Jim Carrey Did the Makeup for 'Grinch' 100 Times — A Look Back at His Famous Christmas Role

For most people, Christmas is the best season of the year. For Jim Carrey, though, it is, only as long as he doesn’t have to work on “How the Grinch Stole Christmas” again.

Born in January 1962, Jim Carrey is one of the most famous actors of the past few decades. He shot to stardom in the 90s for his work in “Ace Ventura: Pet Detective,” “The Mask,” and “Dumb and Dumber.”

While Carrey is best known for his memorable roles in comedies, he has also delivered high-quality dramatic performances in films like “The Truman Show” and “Eternal Sunshine of the Spotless Mind.”

Jim Carrey on December 12, 2004 in Los Angeles, California | Photo: Getty Images

Jim Carrey on December 12, 2004 in Los Angeles, California | Photo: Getty Images

PORTRAYING THE GRINCH

It is fair to say that every project Carrey has worked on so far has been challenging in its own particular way. However, nothing has been more exhausting for him than portraying the Grinch in “How the Grinch Stole Christmas.”

For the film, released in 2000 during the Christmas season, Carrey was forced to undergo hours of makeup work every day as the character required him to be covered in green fur and paint head-to-toe.

If that wasn’t bad enough, Carrey had to wear enlarged contact lenses that would easily catch particles of the fake snow falling on set.

TRAINING TO ENDURE TORTURE

In 2014, Jim Carrey appeared in an episode of “The Graham Norton Show,” where the host asked him to confirm or deny whether he had trained with the Navy Seals.

Carrey said that he never trained with them but knew what the rumor was referring to. He pointed out that getting his Grinch makeup on was “like being buried alive every day.”

After spending over eight hours just getting his makeup done on the first day of shooting, he told director Ron Howard that he couldn’t make the movie.

Producer Brian Grazer quickly thought of a solution: to hire a man who teaches CIA operatives how to endure torture. Among the several things Carrey learned from him, the most shocking one was to “smoke as much as you possibly can.”
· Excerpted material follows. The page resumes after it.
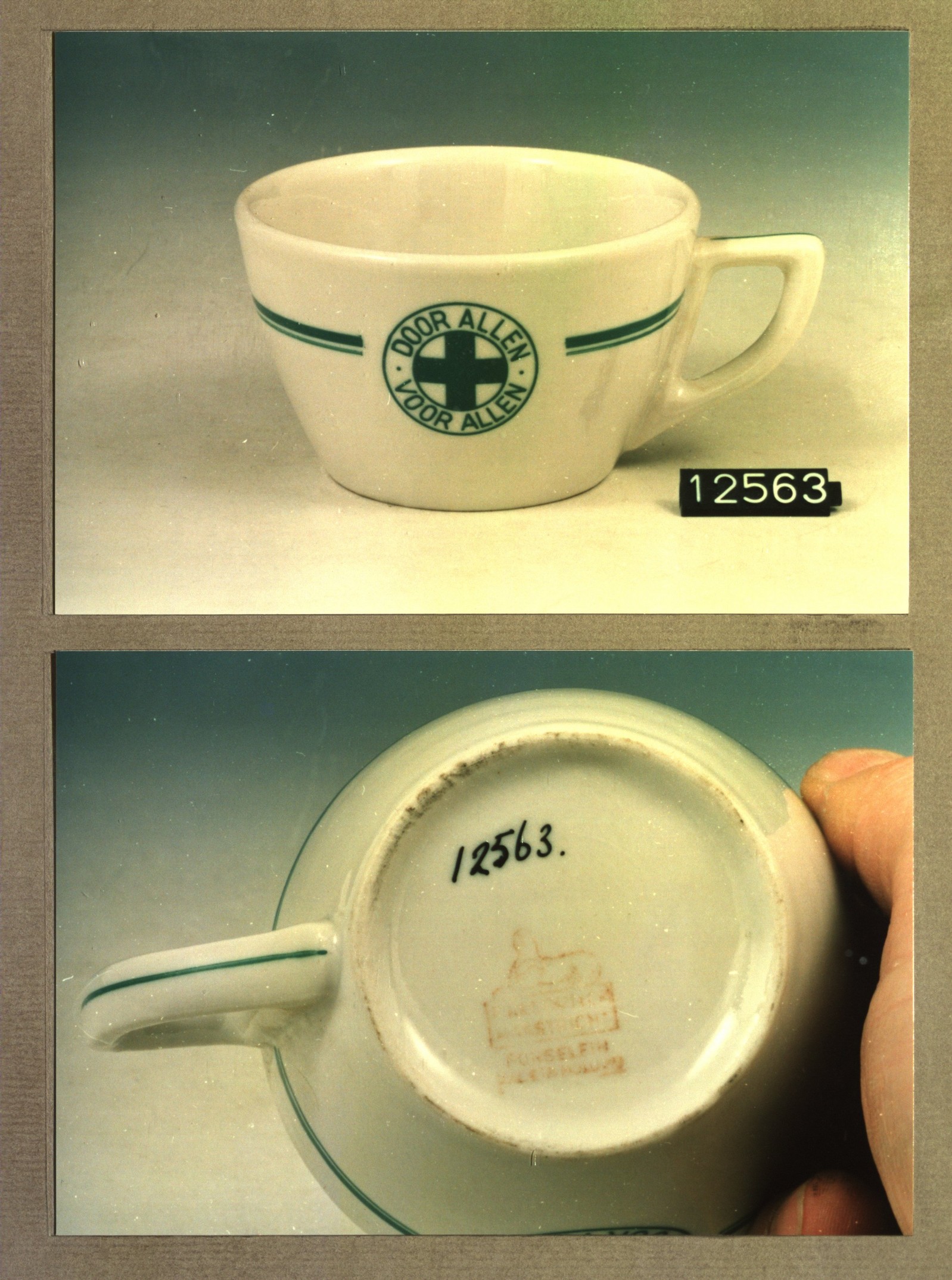 Kop met opschrift, model P met decor Groene kruis

Carrey confessed that he kept repeating to himself that the movie was for the kids and that he did the makeup 100 times.

MAKEUP ARTIST'S VERSION

Working on “How the Grinch Stole Christmas” was almost unbearable for Jim Carrey, but for makeup artist Kazuhiro Tsuji, it wasn’t a walk in the park, either.

Tsuji, one of Hollywood’s most famous special-effects makeup artist and winner of two Oscars for “Darkest Hour” and “Bombshell,” once opened up on his experience working with Carrey, and he revealed he checked into therapy afterward.
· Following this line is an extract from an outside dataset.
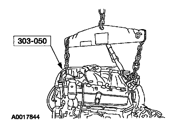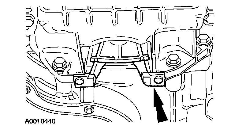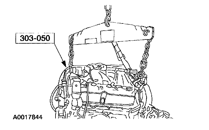 ^ Do not allow the engine oil pan to rest on the powertrain lift.

Jim Carrey on November 20, 2014 in London, England | Photo: Getty Images

Jim Carrey on November 20, 2014 in London, England | Photo: Getty Images

According to Tsuji, Carrey was “really mean” to everybody on set. Apart from that, when the production started, they could only complete three days’ worth of shooting schedule in two weeks because Carrey would “just disappear.”
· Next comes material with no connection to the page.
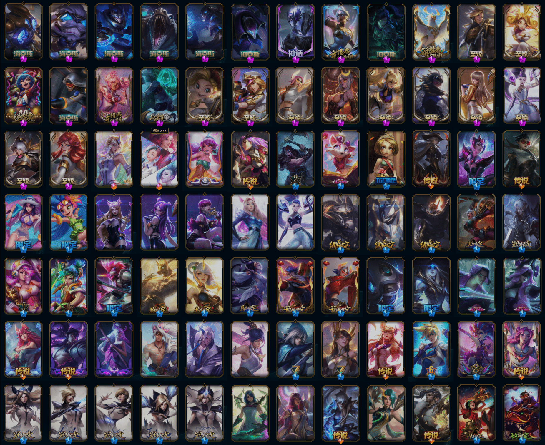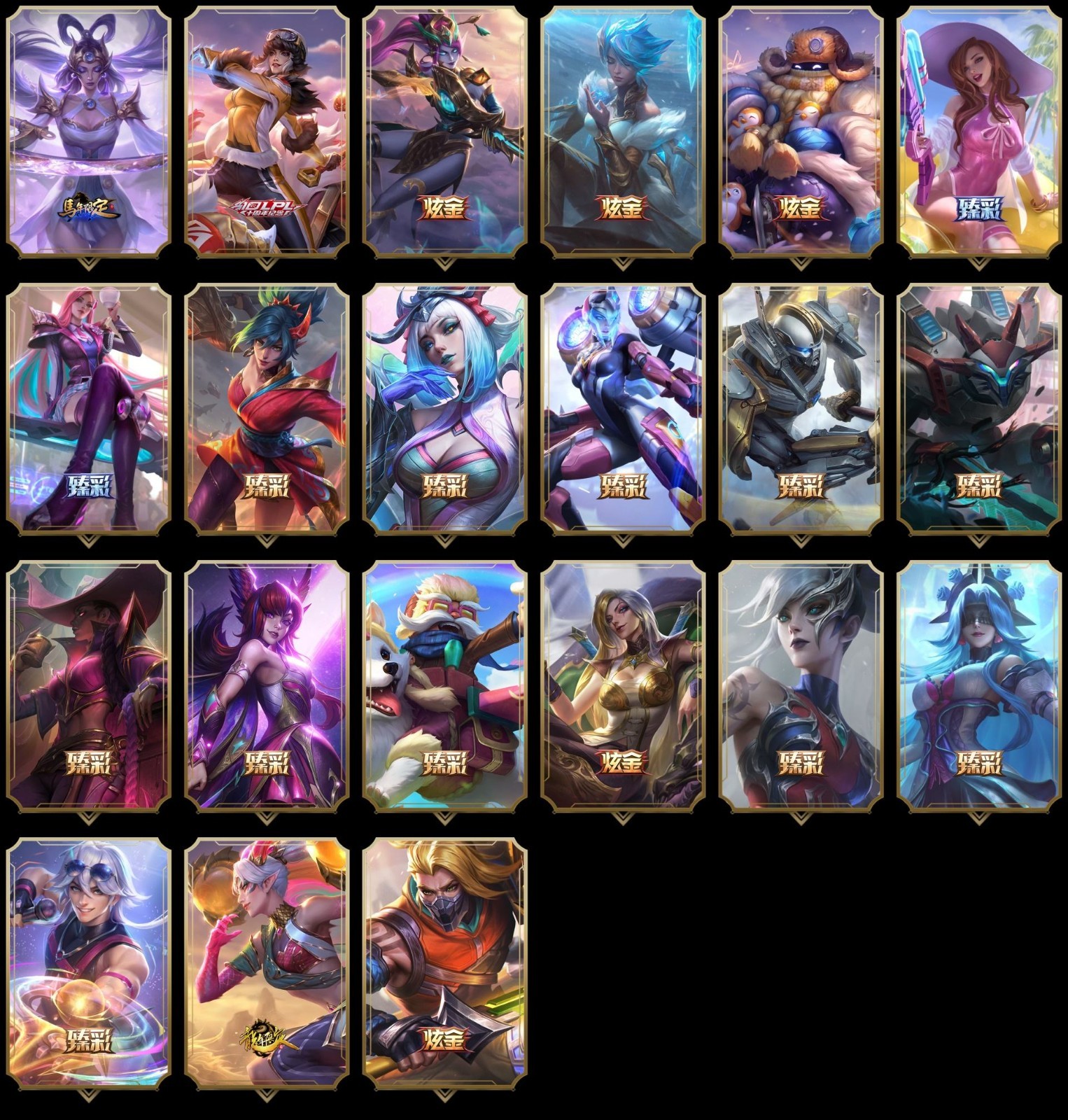 【重要皮肤】战斗学院蕾欧娜至臻 奥术师佐伊至臻 真实伤害赛娜至臻 灵能特工伊泽瑞尔至臻 福牛守护者菲奥娜至臻 KDA二代卡莎至臻 KDA一代卡莎至臻 KDA卡莎2022至臻 战斗学院拉克丝至臻 战斗学院拉克丝2022至臻 烈焰美人薇恩至臻 烈焰美人薇恩2022至臻 电玩女神凯特琳至臻 电玩女神凯特琳2022至臻 星之守护者妮蔻至臻 星之守护者妮蔻2022至臻 源计划正义艾瑞莉娅至臻 源计划正义艾瑞莉娅2022至臻 灰烬杀手塞拉斯 海克斯科技雷克顿 海克斯科技吉格斯 海克斯科技玛尔扎哈 海克斯科技嘉文四世 海克斯科技阿木木 海克斯科技魔腾 星之守护者塔莉垭 黎明使者卡尔玛 摄魂使者薇恩 新创战纪希维尔 胜利剑圣易 胜利女神娑娜 胜利之王泰达米尔 胜利巨口克格莫 舞会公主安妮 创星之灵璐璐 勇敢的心德莱厄斯 电玩女神厄运小姐 电玩勇者锐雯 电玩女神阿狸 星之守护者伊泽瑞尔 玉剑传说无影 玉剑传说舞剑仙 海珀利安小队Y03权天使卡蜜尔 星之守护者佐伊 替父从军花木兰 神龙烈焰金克丝 碧玉之牙卡西奥佩娅 春晖神女拉克丝 你看见过我的熊猫吗安妮 北辰之威内瑟斯 南天之怒沃里克 美猴王孙悟空 玉净夜叉凯特琳 紫金罗刹莫甘娜 广寒仙子嫦娥 虎痴之拳蔚 张辽文远 司马懿仲达 烈焰美人薇恩 神龙之翼库奇 王国机神青龙德莱文 王国机神苍狼瑟提 王国机神白虎贾克斯 福牛守护者安妮 福牛守护者厄斐琉斯 福牛守护者德莱厄斯 福牛守护者阿利斯塔 福牛守护者嘉文四世 福牛守护者菲奥娜 胜利女神奥莉安娜 胜利枪神卢锡安 胜利之剑亚托克斯 觅心游侠卢锡安 觅心女王艾希 觅心之翼奎因 觅心猫猫悠米 幽梦玫瑰辛德拉 幽梦玫瑰泰隆 水晶玫瑰婕拉 水晶玫瑰斯维因 冬季仙境奥莉安娜 圣诞老人布隆 冰雪风暴希维尔 冬季仙境卡尔玛 冰封王子蒙多 冰雪女神辛德拉 平安夜女神娑娜 圣诞糖果棒厄运小姐 魅惑女巫迦娜 大魔法锅布里茨 死亡誓约卡特琳娜 勇敢的心德莱厄斯 海之歌永恩 泳池派对凯特琳 泳池派对佐伊 泳池派对奥莉安娜 泳池派对塔莉垭 泳池派对瑟提 电玩战魂赫卡里姆 御星魔矢艾希 送披萨的小姐姐希维尔 鸡里奥 克格汪 EDG厄斐琉斯 iG卡蜜尔 iG洛 iG卡莎 iG艾瑞莉娅 iG乐芙兰 iG菲奥娜 SSG纳尔 SKTT1扎克 SKTT1辛德拉 SKTT1娜美 SKTT1阿利斯塔 SKTT1卡莉丝塔 SKTT1瑞兹 SKTT1伊莉丝 SSW泰隆 SSW图奇 SSW辛吉德 SKTT1贾克斯 SKTT1劫 SKTT1李青 暗杀星奥莉安娜 暗杀星蒙多 暗杀星伊泽瑞尔 暗杀星慎 Fnatic迦娜 Fnatic库奇 Fnatic古拉加斯 Fnatic嘉文四世 Fnatic卡尔萨斯 冰雪节辛吉德 防暴机器人布里茨 防暴天使凯尔 钢铁之翼艾尼维亚 冠军之矛卡莉丝塔 冠军之血希瓦娜 冠军之隐劫 冠军之志瑞兹 鬼影森森茂凯 鬼影重重魔腾 海贼瑞兹 胡桃夹子萨科 惊悚派对阿木木 惊悚派对费德提克 警用试作体K9内瑟斯 蓝色忧郁崔斯特 密林猎手提莫 南瓜头费德提克 女猎手希维尔 破空枪骑孙悟空 圣诞精灵崔丝塔娜 圣诞狂欢基兰 圣诞老人古拉加斯 圣诞玩偶波比 圣诞驯鹿克格莫 外星装甲库奇 无头骑士赫卡里姆 邪恶圣诞老人维迦 幸福女神乐芙兰 雪默丁格 雪装奈德丽 野兽猎人德莱文 野兽猎人瑟庄妮 野兽猎人泰达米尔 永恒之森乐芙兰 勇者阿狸 勇者奈德丽 征服者韦鲁斯 暗影沃里克 冠军之箭艾希 阿木木主人不要我了 波比的巧克力工坊 地底世界崔斯特 都铎王朝图奇 十五周年纪念希维尔 十周年纪念安妮 源代码乐芙兰 神凰行者瑞羽圣凰艾尼维亚 大元素使拉克丝 未来战士伊泽瑞尔 武装战姬厄运小姐 KDAALLOUT萨勒芬妮独立音乐人 KDAALLOUT萨勒芬妮明日新星 KDAALLOUT萨勒芬妮超级巨星

To add insult to injury, Carrey’s makeup would be “ripped apart” upon returning, making it impossible to resume production. Tsuji also said that Carey was making his job even harder by pointing out color differences in his makeup that didn't exist, according to Tsuji.

Jim Carrey on April 18, 2015 in Los Angeles, California | Photo: Getty Images

Jim Carrey on April 18, 2015 in Los Angeles, California | Photo: Getty Images

CARREY CHANGED HIS BEHAVIOR

At some point, Tsuji got tired of the work environment and, with the permission of head makeup artist Rick Baker and one of the movie’s producers, he took some time off. Eventually, Carrey realized how vital Tsuji was to the production, and he called him a few weeks later.

The man returned with one condition: they needed to help him get a green card. After Tsuji returned, Jim Carrey’s behavior changed, and they managed to work together without friction for the rest of the film.

When the production ended, though, Tsuji checked into therapy and realized that spending too much time on set and working with people like Carrey was combative to his personality.

The fact that “How the Grinch Stole Christmas” was even completed with all the difficulties that Jim Carrey, Kazuhiro Tsuji, and probably many other crew members faced is nothing short of amazing.